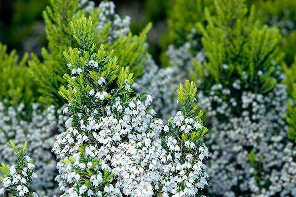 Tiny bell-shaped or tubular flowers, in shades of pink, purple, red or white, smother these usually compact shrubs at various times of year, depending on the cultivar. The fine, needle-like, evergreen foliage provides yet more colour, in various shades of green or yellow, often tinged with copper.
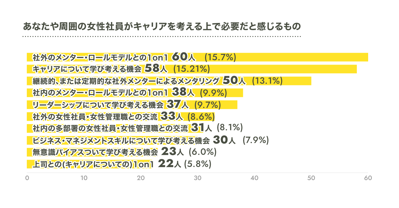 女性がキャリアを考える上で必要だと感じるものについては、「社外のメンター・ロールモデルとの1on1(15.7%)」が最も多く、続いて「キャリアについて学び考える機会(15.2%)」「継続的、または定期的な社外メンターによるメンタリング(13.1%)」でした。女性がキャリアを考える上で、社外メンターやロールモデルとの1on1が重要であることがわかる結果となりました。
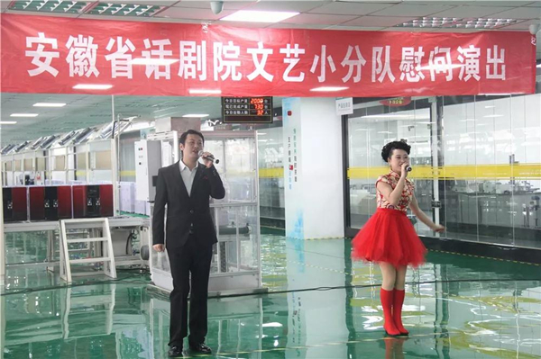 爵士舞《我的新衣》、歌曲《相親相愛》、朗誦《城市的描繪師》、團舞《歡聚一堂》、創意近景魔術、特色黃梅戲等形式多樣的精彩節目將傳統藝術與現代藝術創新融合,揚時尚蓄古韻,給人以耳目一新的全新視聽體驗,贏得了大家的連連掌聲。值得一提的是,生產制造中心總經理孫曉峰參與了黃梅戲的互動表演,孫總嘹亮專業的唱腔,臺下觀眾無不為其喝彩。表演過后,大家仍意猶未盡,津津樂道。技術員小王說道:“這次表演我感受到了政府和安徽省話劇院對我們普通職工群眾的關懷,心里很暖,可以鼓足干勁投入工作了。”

Your task> Every line from the top of the material above through the line with "女性がキャリアを考える上で必" should be duplicated exactly, please; leave out the pictures.

Answer to this task>
 Tiny bell-shaped or tubular flowers, in shades of pink, purple, red or white, smother these usually compact shrubs at various times of year, depending on the cultivar. The fine, needle-like, evergreen foliage provides yet more colour, in various shades of green or yellow, often tinged with copper.
 女性がキャリアを考える上で必要だと感じるものについては、「社外のメンター・ロールモデルとの1on1(15.7%)」が最も多く、続いて「キャリアについて学び考える機会(15.2%)」「継続的、または定期的な社外メンターによるメンタリング(13.1%)」でした。女性がキャリアを考える上で、社外メンターやロールモデルとの1on1が重要であることがわかる結果となりました。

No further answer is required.